On 9 Dec 2010, at 18:44, dskr@mac.com wrote:

> Hi,
>
> You need not use quoting at all in these cases.
>
> ( 1 2 . ( 3 4 ) ) is exactly equivalent to ( 1 2 3 4 ) and ( 1 .  
> ( 2 . ( 3 . ( 4 ) ) ) )
>
> (b ( cons x y ))
> or
> (apply b x y)
>
> I cannot quite tell fom your example.
>
> Cheers,
>  Dan

Re: Backquote simplification

[Neil Jerram]

Hans Aberg <haberg-1@telia.com> writes:

> [Your reply does not seem to be on the list, so I cc it.]
>
> Thanks. I might try an iterated cons, that is a function f such such
> that
>   (f x1 ... xk y) --> (cons x1 ... (cons xk y) ...))

Isn't that just `list'?

More generally: I've been reading your emails, but I'm afraid I have no
idea what you are trying to do.  Perhaps you could step back and explain
that overall, before continuing with details.

       Neil

Re: Backquote simplification

[Hans Aberg]

On 11 Dec 2010, at 00:12, Neil Jerram wrote:

>> [Your reply does not seem to be on the list, so I cc it.]
>>
>> Thanks. I might try an iterated cons, that is a function f such such
>> that
>>  (f x1 ... xk y) --> (cons x1 ... (cons xk y) ...))
>
> Isn't that just `list'?
>
> More generally: I've been reading your emails, but I'm afraid I have  
> no
> idea what you are trying to do.  Perhaps you could step back and  
> explain
> that overall, before continuing with details.

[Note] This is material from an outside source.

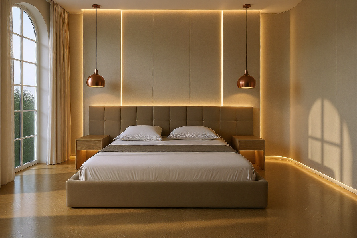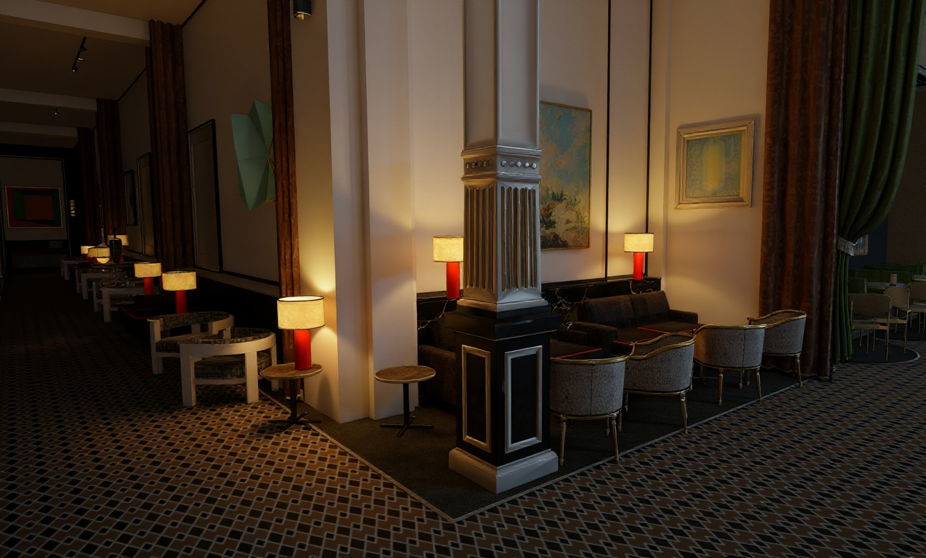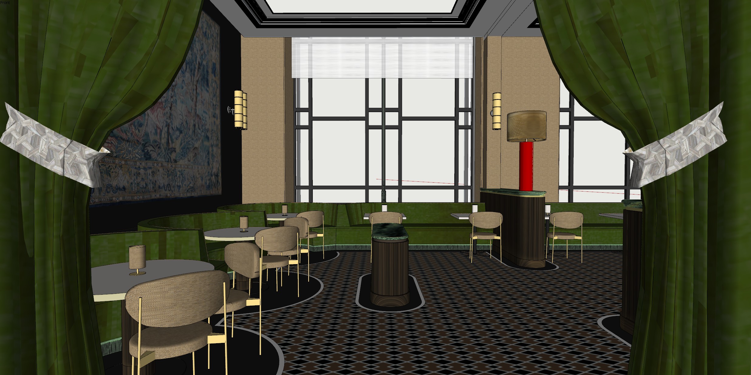 warm natural and work artificial lighting the wall and column are painted white the floor is a bespoke carpet curtain is in velvet fabric the desk chair in fabric the frame is an oil peinting and the table lamps light up and down there are oriented spotloghts fixed to the ceiling large windows with natural light there is an ancient tapistery hanging on the wall the seatings and curtains are in green velvet

The reply I got was helpful, but I decided to settle for a macro  
implementation:

(use-syntax (ice-9 syncase))

(define-syntax tuple
   (syntax-rules ()
     ((tuple xs ...)
      `(tuple ,xs ...))
     ((tuple x1 x2 . y)
      (append `(tuple ,x1 ,x2) y))
     ((tuple x1 . y)
      (append `(tuple ,x1) y))
))

It behaves as I want in my context, a functional language on top of  
Guile. I decided to implement the construct (lambda (x_1 ... x_k . y)  
f) using an improper list (x_1 ... x_k . y); when it is a proper list,  
one just gets the fixed number of arguments construct.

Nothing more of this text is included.